Soweit der "insbesondere"- Zusatz als Auslegungshilfe anzusehen ist (BGH GRUR 2012,945, Rn. 22 - Tribenuronmethyl; Köhler in Köhler/Bornkamm/Feddersen, UWG, § 12, Rz. 2.46), kann ein im Sinne des Klagevorbringens unbestimmter bzw. zu weit gehender Klageantrag nicht durch den exemplarischen Bezug auf Anlagen bindend eingeschränkt werden (BGH WRP 2016, 869, Rn. 13 - ConText; Köhler a.a.O.). Möchte der Kläger an der abstrakten Formulierung festhalten und ausdrücklich nicht auf die konkrete Verletzungsform übergehen, obliegt ihm eine hinreichend konkretisierte Formulierung des abstrakten Verbots.

Auf die weiteren rechtlichen Bedenken kommt es nicht an.

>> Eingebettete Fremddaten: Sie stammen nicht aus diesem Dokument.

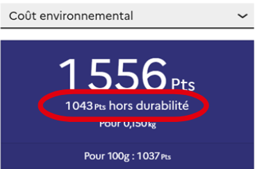 L’outil permet de disposer du résultat hors critère de durabilité : celui-ci est affiché en plus petit caractère, juste au-dessous du coût environnemental global.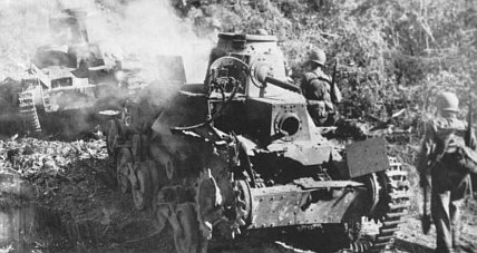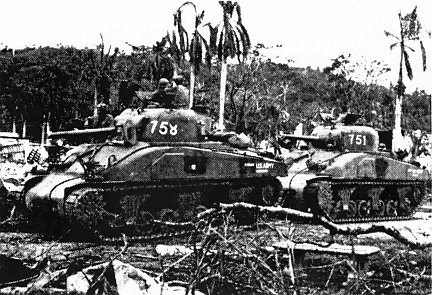 Marines bypass two smoldering Japanese light tanks, knocked out of action by Marine Sherman medium tanks on the road to Sumay on Orote Peninsula.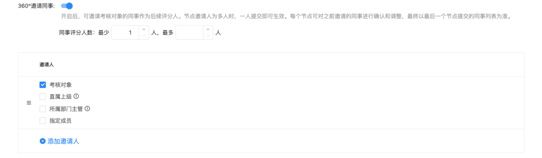 首先,它可以同时对多个员工进行考评,你可以为被考核人一键添加上级、下级、同事、自己等考评人,考评人一般为与被考评者工作联系较为密切的人,他们对被考评者的工作技能、工作态度及工作绩效较为熟悉。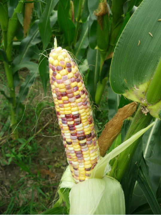 鲜食糯玉米新品种“沪五彩花糯1号”是我院作物所玉米中心选育的特色优质糯玉米品种,2014年通过上海市农作物品种审定。该品种株高210厘米,穗位高70厘米,生育期春播出苗至采收83天左右;籽粒紫白黑红黄色,排列整齐,鲜食品尝皮薄,糯性好,单穗重250-280克。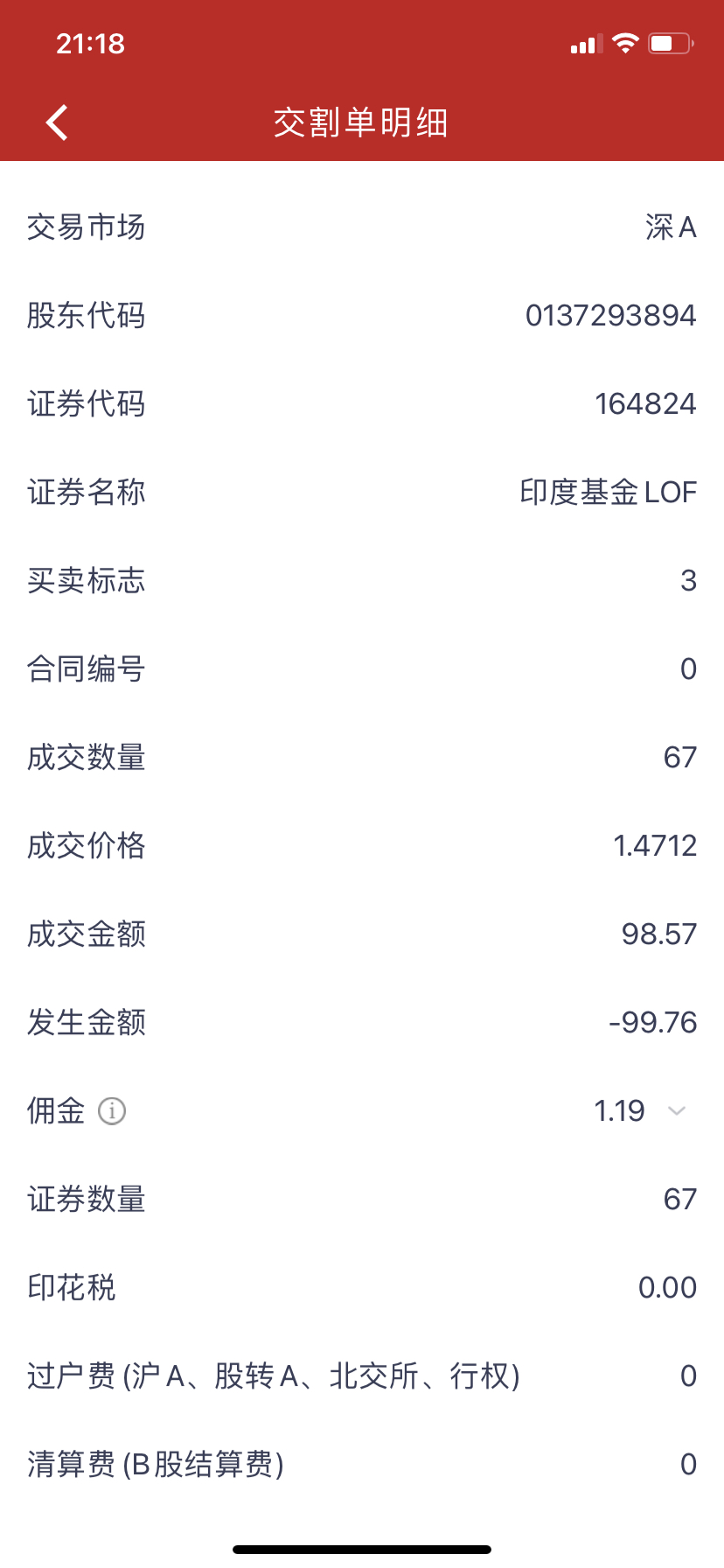3、场内LOF申购费打折的实现方式为:全额冻结申购款,按不打折费率给基金份额,在交割时会只扣除申购到的基金市值 优惠后的申购费,剩余资金会自动解冻回到账户;自己核对申购的方式:交割单——用手续费/成交金额=真实申购折扣;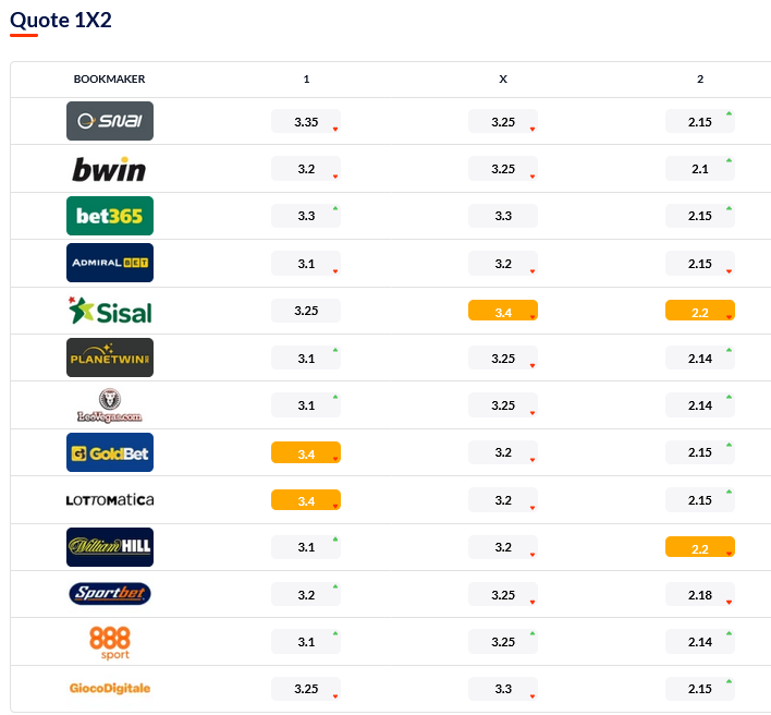 per la sfida di questo pomeriggio tra Reggiana e Frosinone le agenzie di scommesse vedono favoriti al successo gli uomini di Alvini. Le quote infatti indicano la vittoria del Frosinone quotata ad un massimo di 2.20, di contro un eventuale successo dei padroni di casa è pagato anche 3.40. Segno X a 3.25 di media
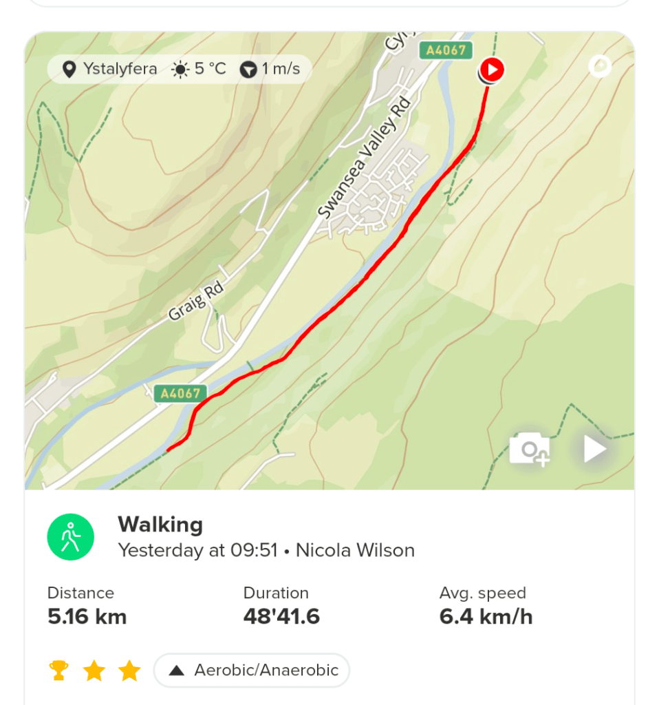Tuesday January 14th – Not a very exciting day today. Busy at work and a busy evening. Only just enough time to quickly have dinner and then I had to meet the kitchen fitter up the new house. From there I needed to go straight to play darts. I was actually running late which meant I didn’t get chance to practice. First match back since Christmas and I was a little rusty to say the least. My first 3 darts I scored zero with them all missing the board!! 🤣 I did improve slightly and my team won 9-2 (I was one of the losing two). Anyhoo, Emma needed my van for work tomorrow but as I needed it this evening she was unable to collect it earlier. So after darts I dropped the van to her house and then walked home. This was the perfect opportunity for me to get in today’s exercise. I was genuinely struggling to find the time today. I walked from Ystradgynlais to Cwmtwrch, mostly along the main road. A nice brisk walk. It was so foggy I could barely see where I was going. Made it home in 28 minutes.

Die Klägerin vermag auch nicht die Erstattung von Abmahnkosten zu verlangen. Dabei kommt es wiederum nicht darauf an, ob sie sich bezogen auf die Anlagen K1 und K2 mit Recht auf eine irreführende Werbung beruft. Maßgeblich ist, dass sie eine Unterlassung anstrebt, die über das berechtigte Maß hinausgeht, was auch in der Vorformulierung der strafbewehrten Unterlassungserklärung in der Abmahnung zum Ausdruck kommt.

Die Nebenentscheidungen beruhen auf §§ 91 Abs. 1, 709 ZPO.